**INSTRUCTIONS TO FOLLOW**
Everything in the listing below has to be repeated exactly, except the pictures.

+++ SUPPLIED MATERIAL +++

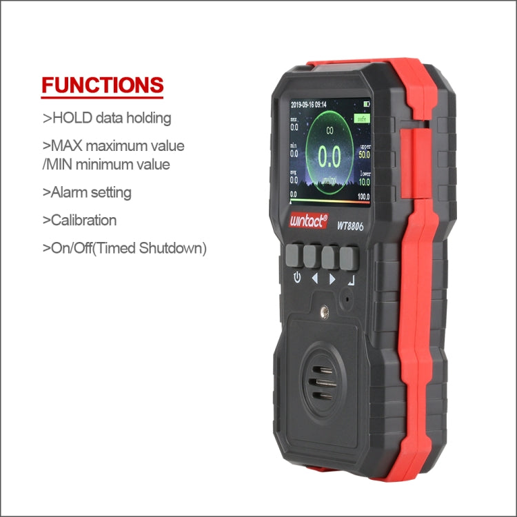 WINTACT WT8806 Carbon Monoxide Monitor Professional Rechargeable Gas Sensor High Sensitive Poisoning Sound-light Vibration Alarm CO Detector
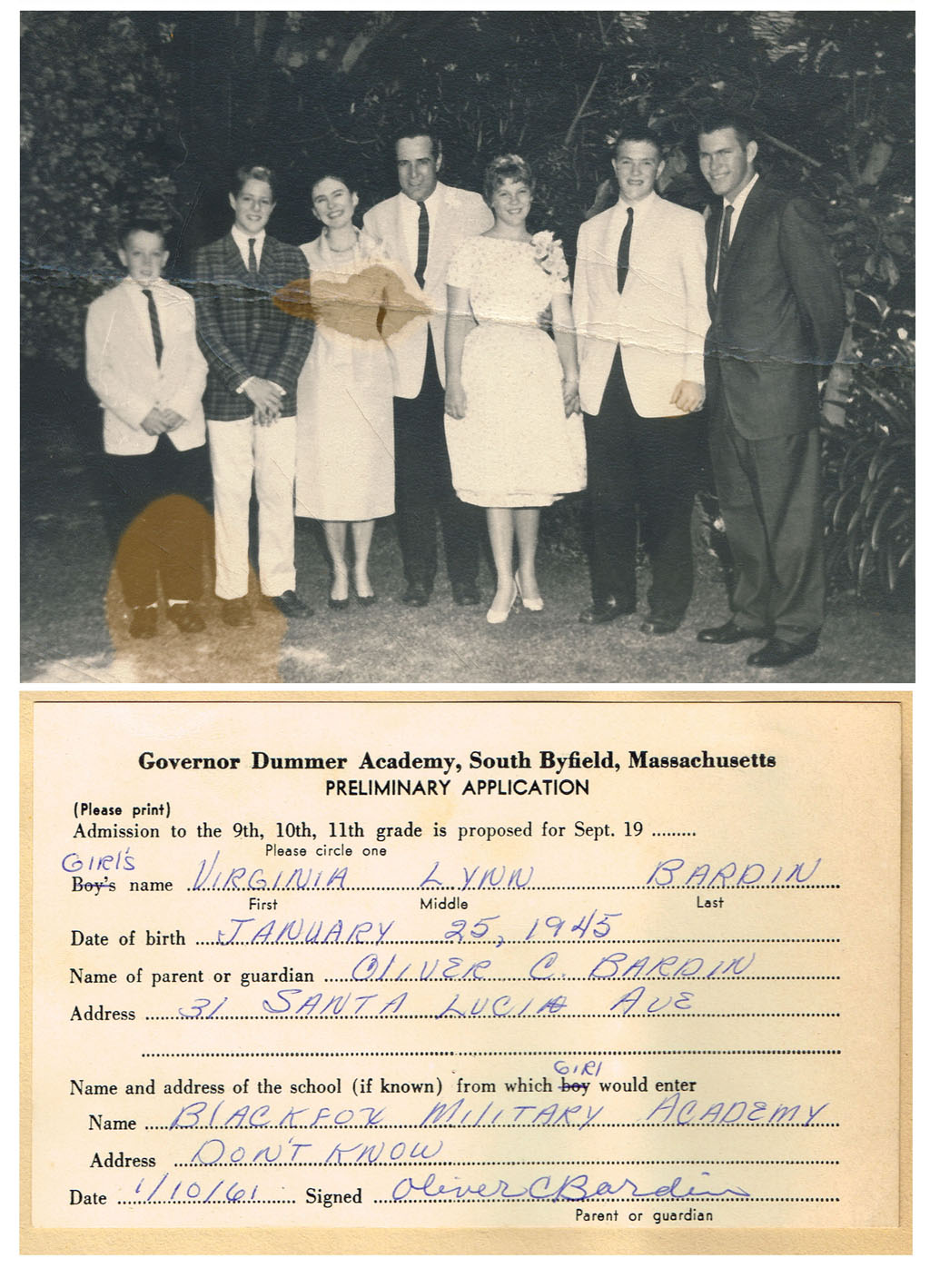 New cousin Ginger Bardin at Dad's wedding to Clarice in the summer of 1960 in Salinas, California, completes preliminary application to GDA so she can go to school with Tay...
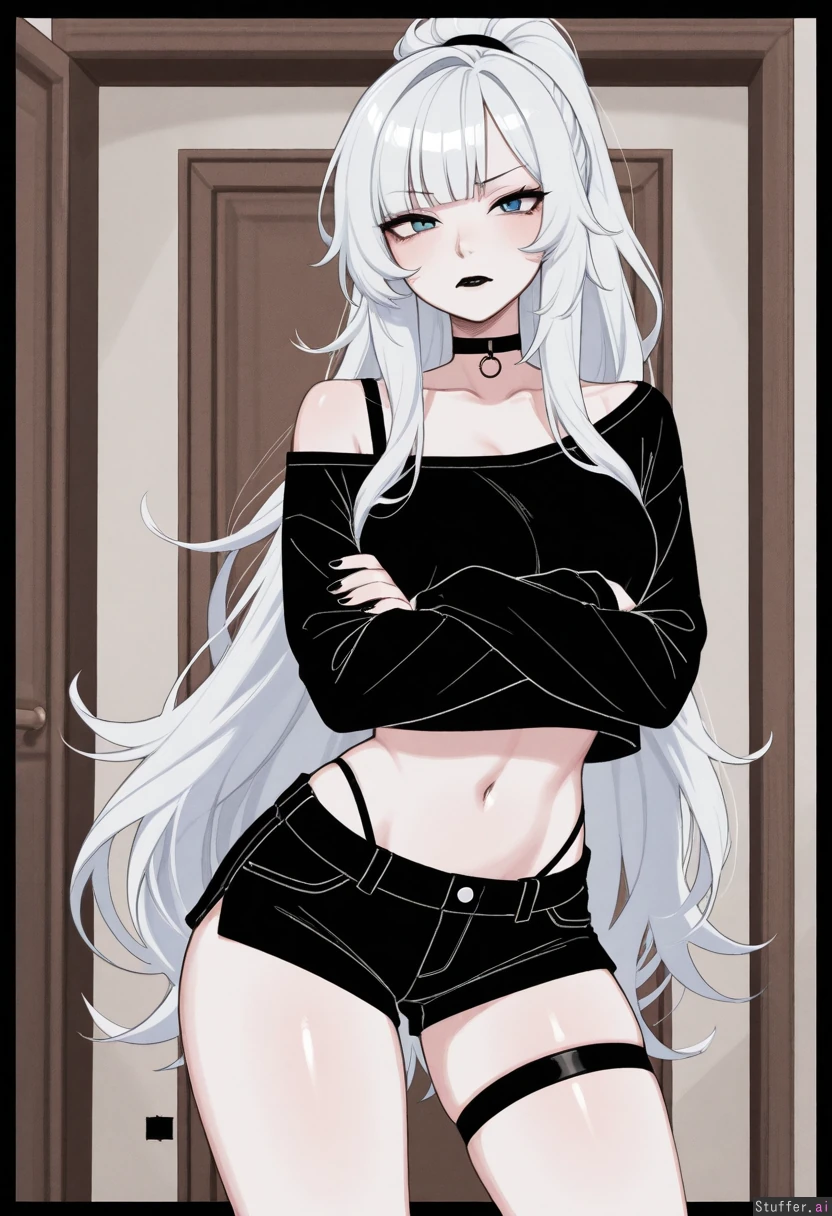 absurdres, 8k, perfect anatomy, masterpiece, beautiful face, beautiful eyes, RockSolidArt. /(artist/), RockSolidArt(artist/) ,8), (merunyaa), (usa37107692:1.2), (ohasi_art), (betterwithsalt), (flat colour:1.5) ((solo)) Bedroom ((White hair, fluffy hair, fluffy ponytail, long hair, bangs, blue eyes, hair hides one eye, pale skin)) Goth, Black lipstick ((Baggy white_crop top, bare shoulder, loose shirt)), black bra, black short shorts, black panty straps, standing, arms crossed
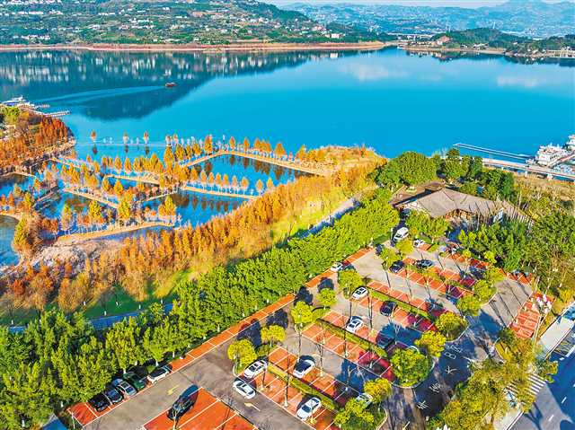 1月4日,開州區(qū)文峰街道,環(huán)境優(yōu)美又方便實(shí)用的濱湖停車場(chǎng)。

+++

**REPLY TO THE TASK**
 WINTACT WT8806 Carbon Monoxide Monitor Professional Rechargeable Gas Sensor High Sensitive Poisoning Sound-light Vibration Alarm CO Detector
 New cousin Ginger Bardin at Dad's wedding to Clarice in the summer of 1960 in Salinas, California, completes preliminary application to GDA so she can go to school with Tay...
 absurdres, 8k, perfect anatomy, masterpiece, beautiful face, beautiful eyes, RockSolidArt. /(artist/), RockSolidArt(artist/) ,8), (merunyaa), (usa37107692:1.2), (ohasi_art), (betterwithsalt), (flat colour:1.5) ((solo)) Bedroom ((White hair, fluffy hair, fluffy ponytail, long hair, bangs, blue eyes, hair hides one eye, pale skin)) Goth, Black lipstick ((Baggy white_crop top, bare shoulder, loose shirt)), black bra, black short shorts, black panty straps, standing, arms crossed
 1月4日,開州區(qū)文峰街道,環(huán)境優(yōu)美又方便實(shí)用的濱湖停車場(chǎng)。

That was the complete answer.